The expected answer is a verbatim transcription of the lines below, beginning with the first and ending with the line that holds "Набор из 6 тарелок", without pictures.

━━━

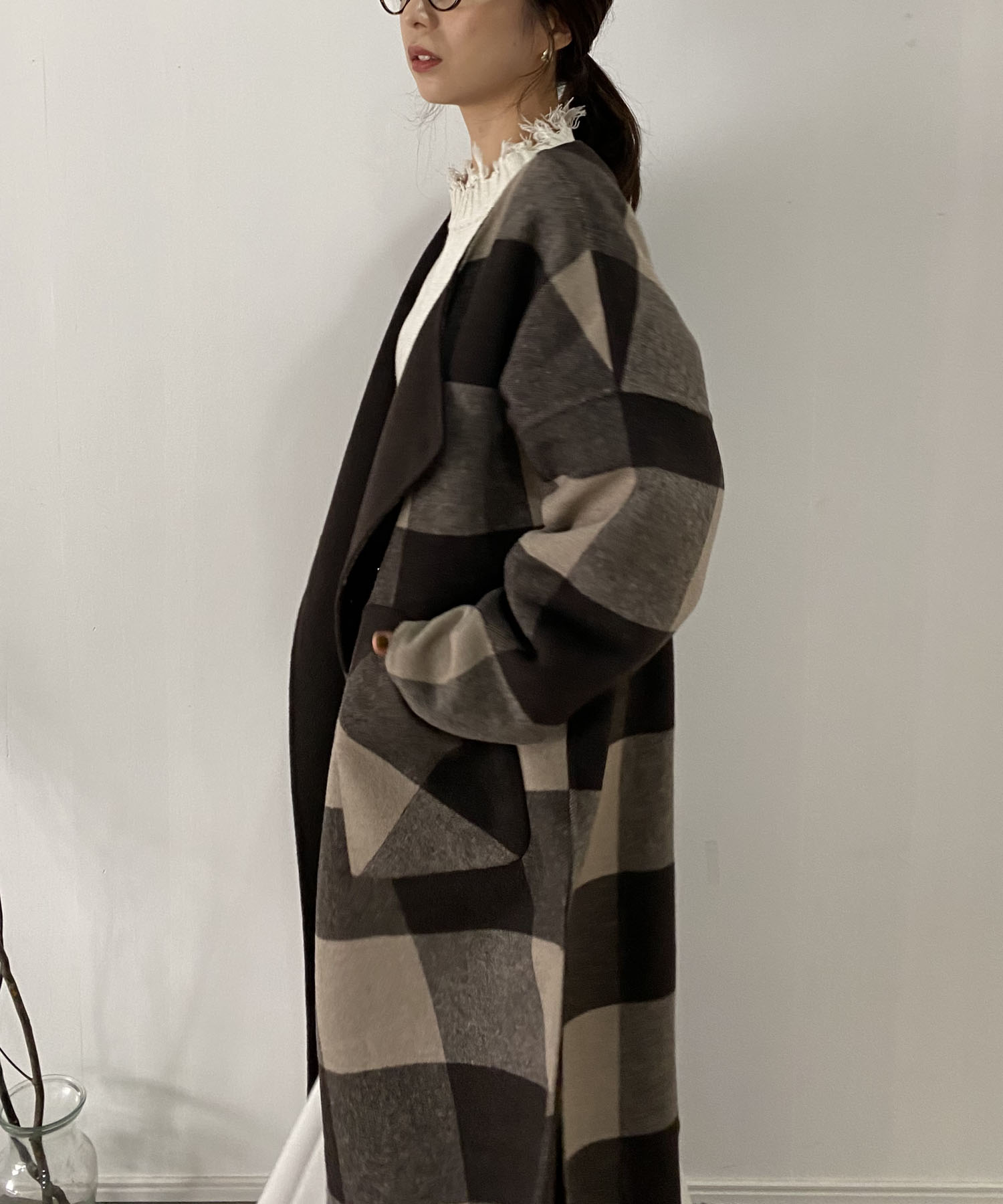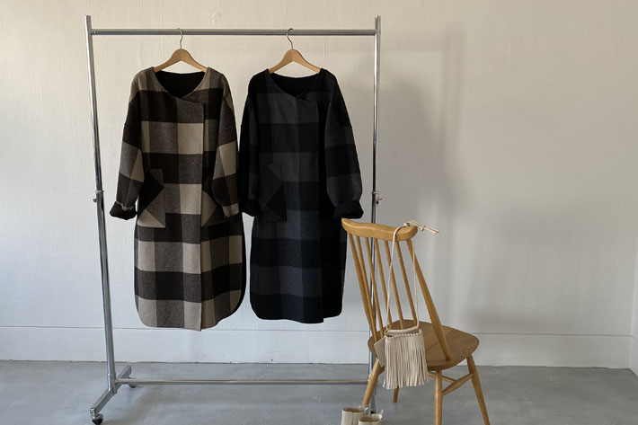 チェックと無地の2WAYで着られるノーカラーコート。
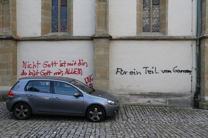 Haßfurt. Die Nordfassade der Pfarrkirche Haßfurt wurde in der Nacht von Mittwoch, 19. Oktober auf Donnerstag, 20. Oktober Ziel einer Sachbeschädigung. Mit Sprühfarbe in rot und schwarz wurden zwei Wandabschnitte beschmiert. Offensichtlich wollte der Täter mit dem Text Religionskritik üben: "Nicht Gott ist mir dir, du bist Gott mit allem. Schreibe deine Zukunft." Dies war der zweite Vorfall nach Schmierereien an der Ritterkapelle vor etwa 2 Jahren.
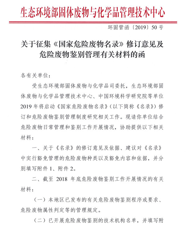 關(guān)于征集《國家危險(xiǎn)廢物名錄》修訂意見及危險(xiǎn)廢物鑒別管理有關(guān)材料的函原標(biāo)題:關(guān)于征集《國家危險(xiǎn)廢物名錄》修訂意見及危險(xiǎn)廢物鑒別管理有關(guān)材料的函
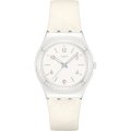 Diese Swatch Uhr hat ein Edelstahl Gehäuse mit einem Durchmesser von 33 mm und ist mit einem Armband aus Leder versehen. In der Uhr arbeitet ein ETA Uhrwerk. Das Glas der Uhr besteht aus Acryl - Glas.
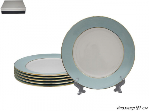 Набор из 6 тарелок 20,5 см, серия BLUE: высококачественный фарфор, золотая обводка, элегантный небесно голубой декор, изящные формы
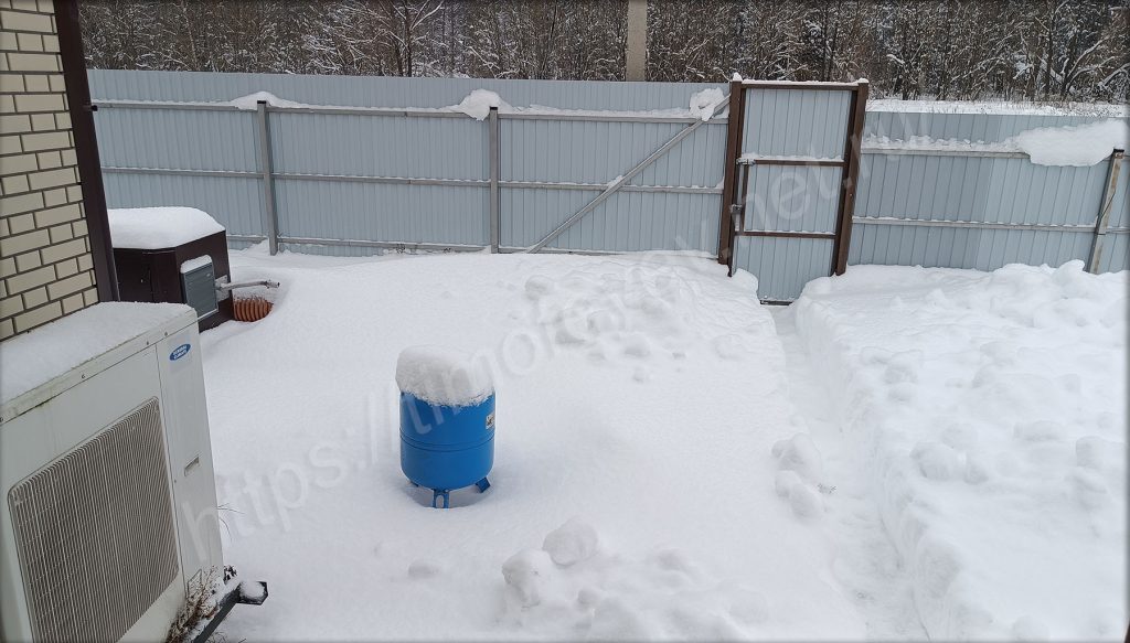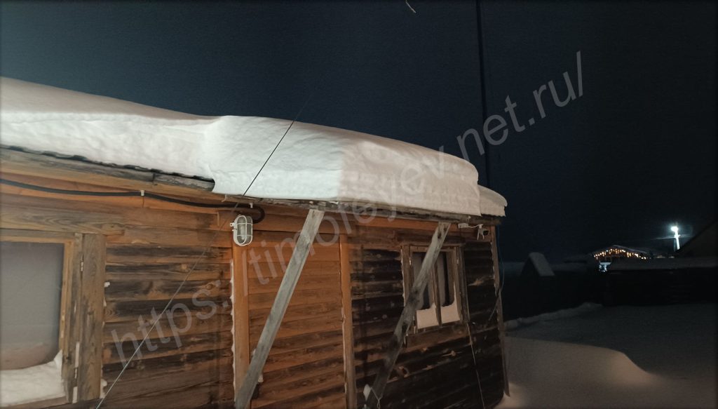 До бытовки вроде бы и близко, но не так-то просто пробраться. Высота снега с перемётом, который стал достаточно плотным, уже по пояс. Этот снег также надо вывезти за пределы участка. После счистил снег с теплицы. Он уже с ледяной корочкой и очень-очень тяжёлый, когда падает прямо на тебя.
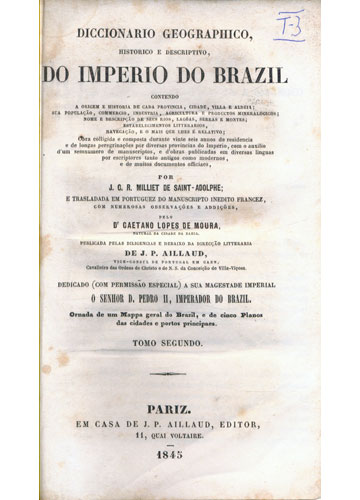 Originalmente publicado em 2 tomos pelo militar francês Milliet de Saint-Adolphe, o Diccionario Geographico do Brazil é uma das primeiras obras a ultrapassar o recorte provincial e oferecer uma descrição geral de todo o Império brasileiro, fornecendo um panorama do estágio de desenvolvimento de cada província, cidade, vila e aldeia do país. No âmbito da geografia, traz o nome e a descrição dos rios, lagoas, serras e montes.
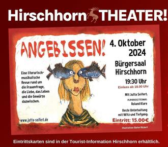 Im Rahmen der Thematik „Frau“, findet in diesem Zusammenhang das Theaterstück „Angebissen“ am Freitag 4. Oktober, Einlass ab 18:00 Uhr, im Bürgersaal statt.
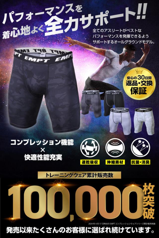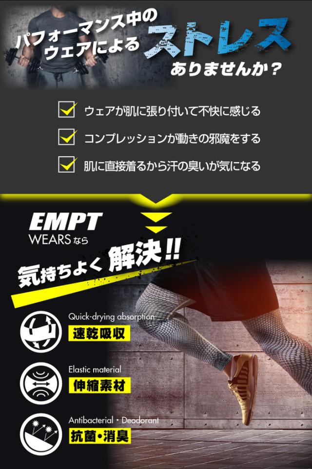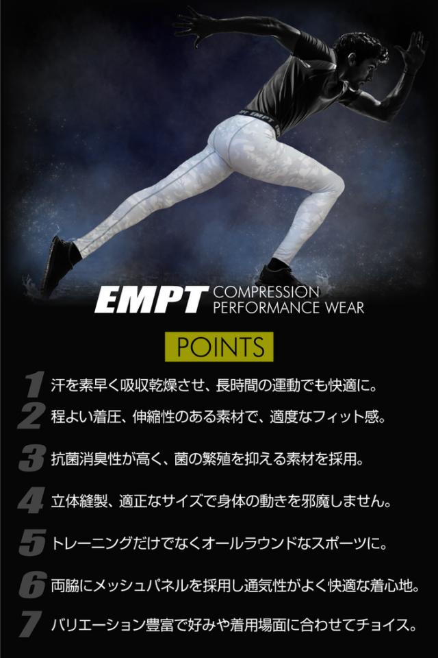 ■商品説明:EMPTからスポーツシーンにマッチするコンプレッションウェアが登場! ストレッチ素材で快適なフィット感、適度な着圧で、あらゆるスポーツのパフォーマンスをサポート!
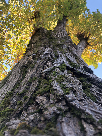 Tall tree in autumn with green moss and blue sky
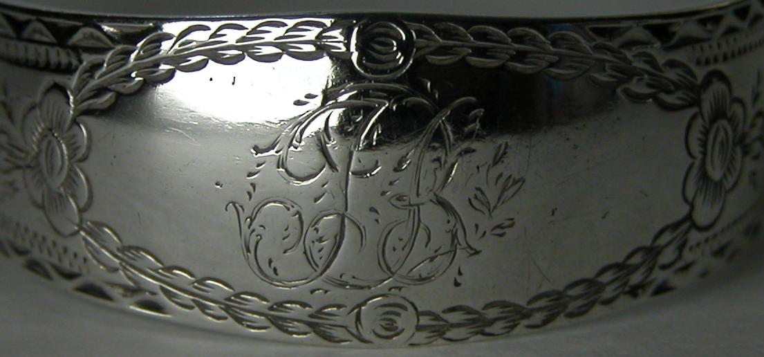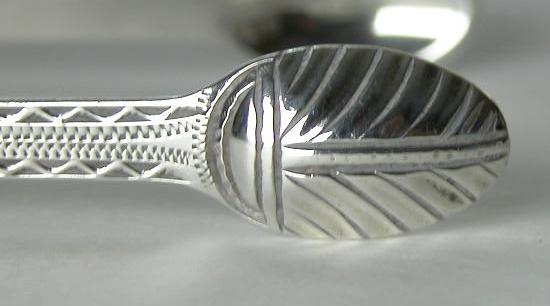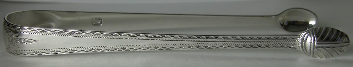 This is a pair of bright cut tongs, with a deep cut engraved leaf pattern in the bowls. The tongs are marked in the bowls & dated c1780.
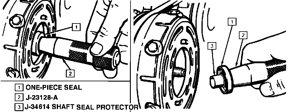 3. Remove shaft seal seat with tool J-23128-A, then the shaft seal with tool J-9392, Fig. 6.
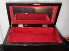 Asian Black Lacquer Box Jewelry Oriental Trinket Velvet Red Rectangle 1970's Vtg
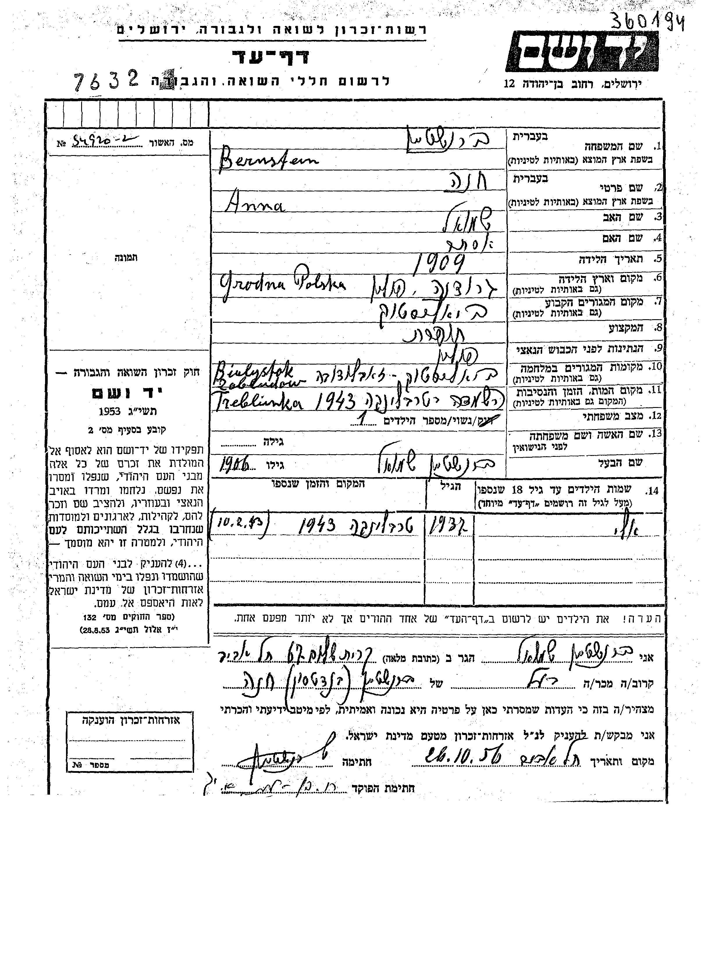 Eli Bernstein Branshtein wurde im Jahr 1937 geboren. Er/sie war der/ die Sohn/Tochter von Shmuel und Anna Khana, geb. Bendetson. Er/Sie war Kind. Vor dem Zweiten Weltkrieg er/sie in Bialistok, Polen. Während des Krieges war er/sie in Zabludow, Polen.
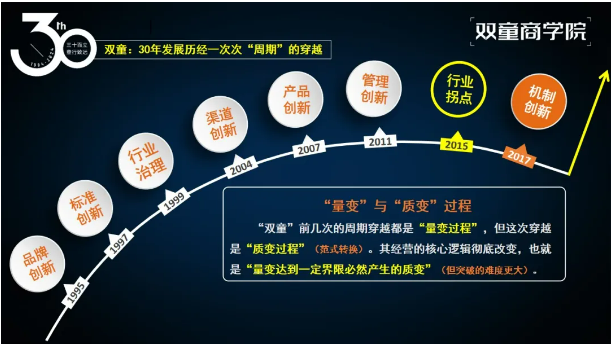 雙童創(chuàng )始人樓仲平時(shí)刻保持著(zhù)自我進(jìn)化,充滿(mǎn)“成長(cháng)活性”,所以雙童企業(yè)能夠在30年間充滿(mǎn)活力活性,不斷穿越一個(gè)個(gè)經(jīng)營(yíng)周期:
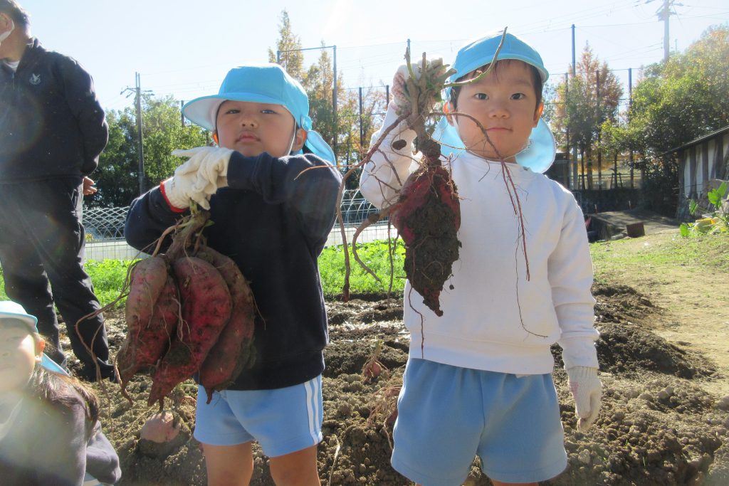力いっぱい引っ張ってとっても大きなお芋が取れました!
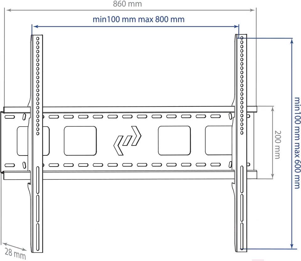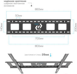• Поддерживаемый стандарт VESA 100×100, 200×200, 300×300, 400×400, 200×300, 200×400, 300×400, 800×600, 200×100, 800×500, 600×600, 800×400, 400×200, 600×400, 300×200, 400×300, 600×300, 600×200, 700×400, 100×200, 700×600
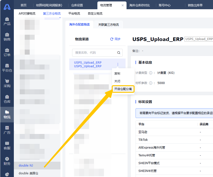2.2.1. 领星ERP启用仓库配置的自定义物流商渠道
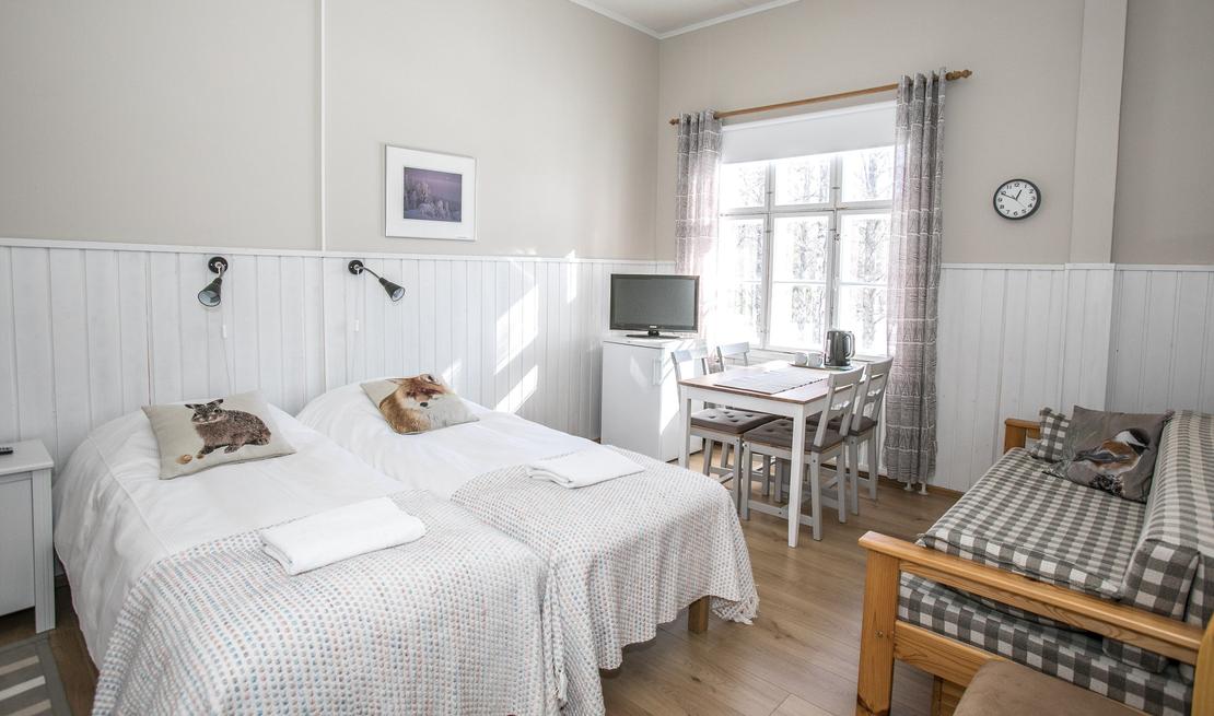Huoneessa on oma kylpyhuone (wc & suihku), TV, vedenkeitin ja jääkaappi. Osassa huoneista mahdollisuus lisävuoteelle 1-2 henkilölle.

━━━

▶ _Worked solution_
 チェックと無地の2WAYで着られるノーカラーコート。
 Haßfurt. Die Nordfassade der Pfarrkirche Haßfurt wurde in der Nacht von Mittwoch, 19. Oktober auf Donnerstag, 20. Oktober Ziel einer Sachbeschädigung. Mit Sprühfarbe in rot und schwarz wurden zwei Wandabschnitte beschmiert. Offensichtlich wollte der Täter mit dem Text Religionskritik üben: "Nicht Gott ist mir dir, du bist Gott mit allem. Schreibe deine Zukunft." Dies war der zweite Vorfall nach Schmierereien an der Ritterkapelle vor etwa 2 Jahren.
 關(guān)于征集《國家危險(xiǎn)廢物名錄》修訂意見及危險(xiǎn)廢物鑒別管理有關(guān)材料的函原標(biāo)題:關(guān)于征集《國家危險(xiǎn)廢物名錄》修訂意見及危險(xiǎn)廢物鑒別管理有關(guān)材料的函
 Diese Swatch Uhr hat ein Edelstahl Gehäuse mit einem Durchmesser von 33 mm und ist mit einem Armband aus Leder versehen. In der Uhr arbeitet ein ETA Uhrwerk. Das Glas der Uhr besteht aus Acryl - Glas.
 Набор из 6 тарелок 20,5 см, серия BLUE: высококачественный фарфор, золотая обводка, элегантный небесно голубой декор, изящные формы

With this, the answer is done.